如何使用翻译table量化一列中的字符值?
How to quantify character values in one column by using a translation table?
我有一个数据文件,我想量化从字符串/类别到数字的列。我有一个预制文件,其中包含大约 500 个不同的类别以及它需要变成的相应编号。
所以我的第一个文件看起来应该是这样的:
Type_of_fruit
Banana
Apple
Apple
Kiwi
Passionfruit
Banana
Apple
Orange
Etc.
然后我有第二个 table 看起来像这样(翻译 table):
Banana | 1
Apple | 2
Kiwi | 3
Passionfruit | 4
Orange | 5
Mango | 6
Grape | 7
Etc.
并希望使用此翻译 table 在我的原始数据框中创建一个新的量化列:
Type_of_fruit_quantified
1
2
2
3
4
1
2
5
起初我想用 mutate 命令来做,例如
Mutate(Type_of_fruit_quantified = if_else(Type_of_fruit == “香蕉”, 1, if_else(Type_of_fruit == “苹果”, 2, 等等。
然而,翻译 table 中有大约 500 个不同的类别,这将需要很长时间。我怎样才能更快地做到这一点,例如通过参考翻译 table?
重新创建我的模拟数据:
Type_of_fruit <- c("Banana", "Apple", "Apple", "Kiwi", "Passionfruit", "Banana", "Apple", "Orange")
Type_of_fruit_df <- data.frame(Type_of_fruit)
Fruit <- c("Banana", "Apple", "Kiwi", "Passionfruit", "Orange", "Mango", "Grape")
Number <- c(1, 2, 3, 4, 5, 6, 7)
Translation_table <- data.frame(Fruit, Number)
更改 Type_of_fruit_df
的列名,以便所有表共享 Fruit
的列名,然后使用 ?dplyr::left_join
Type_of_fruit <- c("Banana", "Apple", "Apple", "Kiwi", "Passionfruit", "Banana", "Apple", "Orange")
Type_of_fruit_df <- data.frame(Fruit = Type_of_fruit)
Fruit <- c("Banana", "Apple", "Kiwi", "Passionfruit", "Orange", "Mango", "Grape")
Number <- c(1, 2, 3, 4, 5, 6, 7)
Translation_table <- data.frame(Fruit, Number)
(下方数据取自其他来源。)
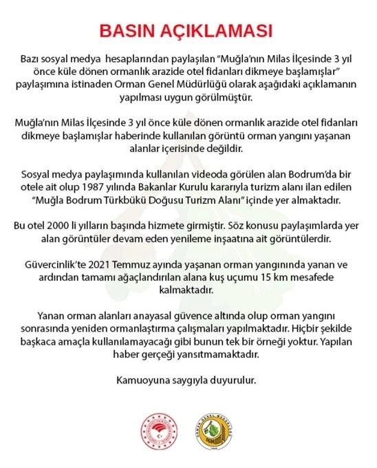 Orman Genel Müdürlüğü, bazı sosyal medya hesaplarında yer alan paylaşımlara istinaden kamuoyu açıklaması yayımladı. Orman Genel Müdürlüğü yaptığı açıklamada, 3 yıl önce Muğla'nın Milas ilçesinde yanan ormanlık araziyle ilgili yapılan haberlerin gerçeği yansıtmadığını bildirerek, "Muğla'nın Milas ilçesinde 3 yıl önce küle dönen ormanlık arazide otel fidanları dikilmeye başlamışlar haberinde kullanılan görüntü orman yangını yaşanan alanlar içerisinde değildir. Sosyal medya paylaşımında kullanılan videoda görülen alan Bodrum'da bir otele ait olup 1987 yılında Bakanlar Kurulu kararıyla turizm alanı ilan edilen 'Muğla Bodrum Türkbükü Doğusu Turizm Alanı' içinde yer almaktadır. Bu otel 2000'li yılların başında hizmete girmiştir. Söz konusu paylaşımlarda yer alan görüntüler devam eden yenileme inşaatına ait görüntülerdir. Güvercinlik'te 2021 Temmuz ayında yaşanan orman yangınında yanan ve ardından tamamı ağaçlandırılan alana kuş uçumu 15 kilometre mesafede kalmaktadır. Yanan orman alanları anayasal güvence altında olup orman yangını sonrasında yeniden ormanlaştırma çalışmaları yapılmaktadır. Hiçbir şekilde başkaca amaçla kullanılmayacağı gibi bunun tek bir örneği yoktur. Yapılan haber gerçeği yansıtmamaktadır" ifadelerine yer verdi.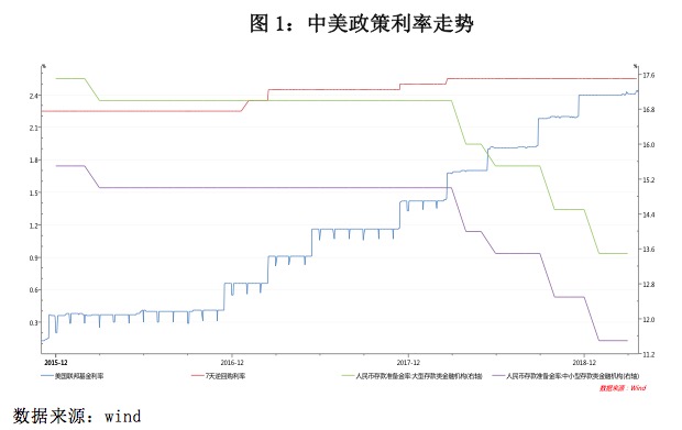本文将2015年底美联储开启加息周期以来的中美货币政策大致分为同步(2016年8月-2018年3月)和分化(2018年4月-2018年12月)两个阶段。同步阶段始自2016年8月,中国央行重启14天逆回购,“收短放长”结构性提高资金利率,并逐步上调逆回购操作中标利率(OMO)和中期借贷便利(MLF)操作利率,货币政策跟随美联储加息收紧。分化阶段始自2018年4月,中国央行不仅未跟随美联储加息,甚至开始降准,并采取MLF、TMLF等货币政策工具,向市场投放流动性。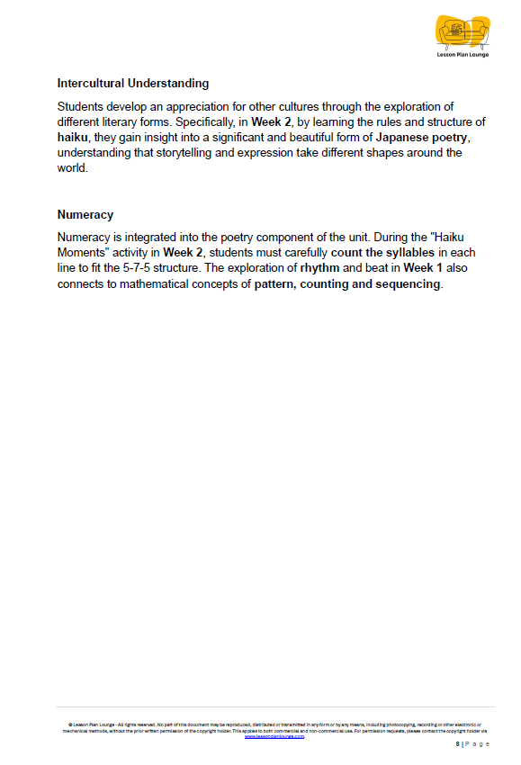 - 9 Weeks of Engaging Lesson Plans: Guide your students through a journey of discovery, from creating a 'Rhythm Orchestra' to feel the beat of poetry, becoming 'Simile Self-Portrait' artists, adapting stories as 'Collaborative Playwrights' and taking a bow at the final 'Showtime!' performance.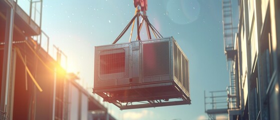 Closeup of a crane lifting a massive HVAC system, showing the secure attachment and lifting process, industrial environment with sunlight and blue sky backdrop, Photorealistic, Highdetail 8K , high-re

> left_join(Type_of_fruit_df,Translation_table, by = "Fruit")
Fruit Number
1 Banana 1
2 Apple 2
3 Apple 2
4 Kiwi 3
5 Passionfruit 4
6 Banana 1
7 Apple 2
8 Orange 5
我有一个数据文件,我想量化从字符串/类别到数字的列。我有一个预制文件,其中包含大约 500 个不同的类别以及它需要变成的相应编号。
所以我的第一个文件看起来应该是这样的:
Type_of_fruit
Banana
Apple
Apple
Kiwi
Passionfruit
Banana
Apple
Orange
Etc.
然后我有第二个 table 看起来像这样(翻译 table):
Banana | 1
Apple | 2
Kiwi | 3
Passionfruit | 4
Orange | 5
Mango | 6
Grape | 7
Etc.
并希望使用此翻译 table 在我的原始数据框中创建一个新的量化列:
Type_of_fruit_quantified
1
2
2
3
4
1
2
5
起初我想用 mutate 命令来做,例如 Mutate(Type_of_fruit_quantified = if_else(Type_of_fruit == “香蕉”, 1, if_else(Type_of_fruit == “苹果”, 2, 等等。 然而,翻译 table 中有大约 500 个不同的类别,这将需要很长时间。我怎样才能更快地做到这一点,例如通过参考翻译 table?
重新创建我的模拟数据:
Type_of_fruit <- c("Banana", "Apple", "Apple", "Kiwi", "Passionfruit", "Banana", "Apple", "Orange")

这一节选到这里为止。